[Opening Dataset excerpts section]

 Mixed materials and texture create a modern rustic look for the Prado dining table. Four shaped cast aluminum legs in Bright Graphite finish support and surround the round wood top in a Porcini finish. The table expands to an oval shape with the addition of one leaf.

[Closing Dataset excerpts section]
[Opening Dataset excerpts section]

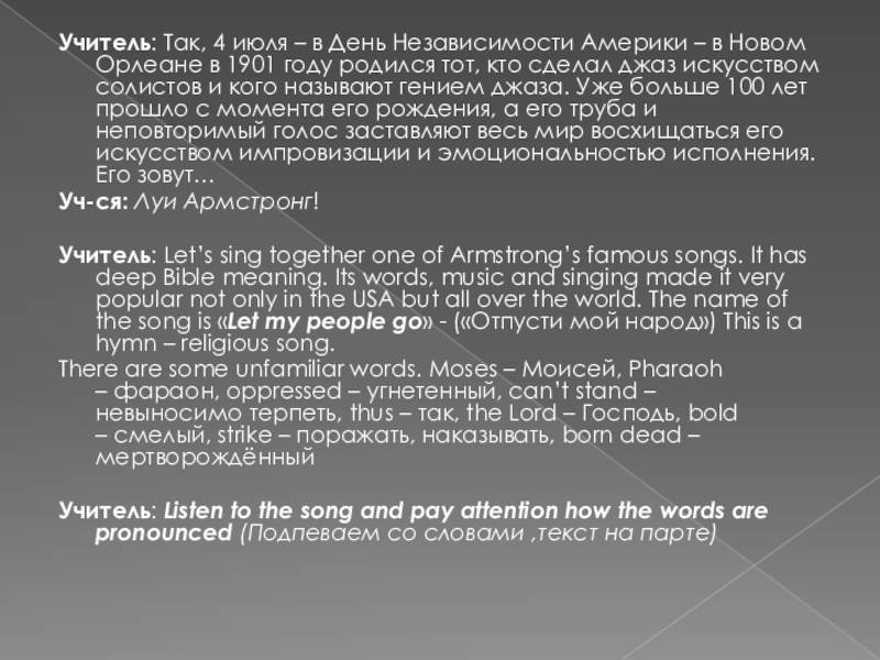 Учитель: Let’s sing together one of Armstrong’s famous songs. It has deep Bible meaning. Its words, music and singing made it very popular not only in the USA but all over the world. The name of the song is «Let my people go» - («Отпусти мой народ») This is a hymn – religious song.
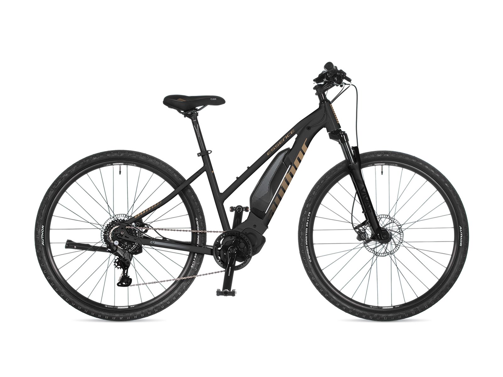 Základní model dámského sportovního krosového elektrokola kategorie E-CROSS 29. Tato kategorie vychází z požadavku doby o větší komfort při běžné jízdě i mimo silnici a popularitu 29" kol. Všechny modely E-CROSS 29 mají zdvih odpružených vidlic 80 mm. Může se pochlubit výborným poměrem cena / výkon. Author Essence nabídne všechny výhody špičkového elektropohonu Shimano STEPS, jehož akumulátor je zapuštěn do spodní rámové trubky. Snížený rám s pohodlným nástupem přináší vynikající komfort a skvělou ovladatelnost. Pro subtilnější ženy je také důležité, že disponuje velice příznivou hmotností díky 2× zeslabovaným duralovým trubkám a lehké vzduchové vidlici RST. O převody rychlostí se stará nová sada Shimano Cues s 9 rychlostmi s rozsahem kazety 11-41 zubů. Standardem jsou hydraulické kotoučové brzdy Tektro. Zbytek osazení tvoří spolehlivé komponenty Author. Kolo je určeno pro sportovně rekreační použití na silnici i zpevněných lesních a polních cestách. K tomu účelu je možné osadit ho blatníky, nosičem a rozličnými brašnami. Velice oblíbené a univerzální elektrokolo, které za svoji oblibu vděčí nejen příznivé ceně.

[Closing Dataset excerpts section]
[Opening Dataset excerpts section]

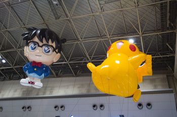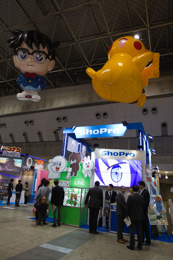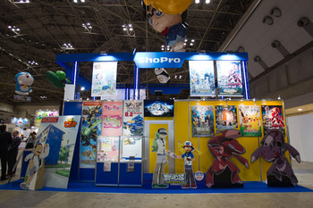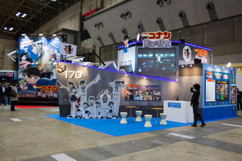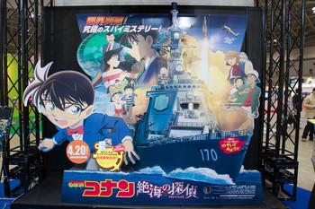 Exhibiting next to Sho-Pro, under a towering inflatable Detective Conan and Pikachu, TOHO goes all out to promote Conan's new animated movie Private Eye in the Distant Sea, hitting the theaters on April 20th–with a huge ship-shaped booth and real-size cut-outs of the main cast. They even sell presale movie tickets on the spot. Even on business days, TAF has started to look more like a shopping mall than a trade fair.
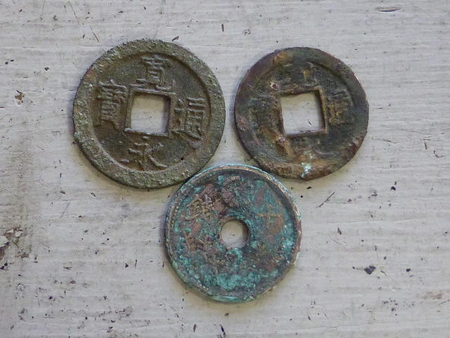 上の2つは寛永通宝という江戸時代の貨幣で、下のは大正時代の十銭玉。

[Closing Dataset excerpts section]

• [Problem details]:
Everything above from the line with "Exhibiting next to" through the line with "上の2つは寛永通宝という江戸時代の貨幣で、下のは大正時代の十銭玉。" should be retyped exactly, and nothing else; omit pictures.

• [Answer to this exercise]:
 Exhibiting next to Sho-Pro, under a towering inflatable Detective Conan and Pikachu, TOHO goes all out to promote Conan's new animated movie Private Eye in the Distant Sea, hitting the theaters on April 20th–with a huge ship-shaped booth and real-size cut-outs of the main cast. They even sell presale movie tickets on the spot. Even on business days, TAF has started to look more like a shopping mall than a trade fair.
 上の2つは寛永通宝という江戸時代の貨幣で、下のは大正時代の十銭玉。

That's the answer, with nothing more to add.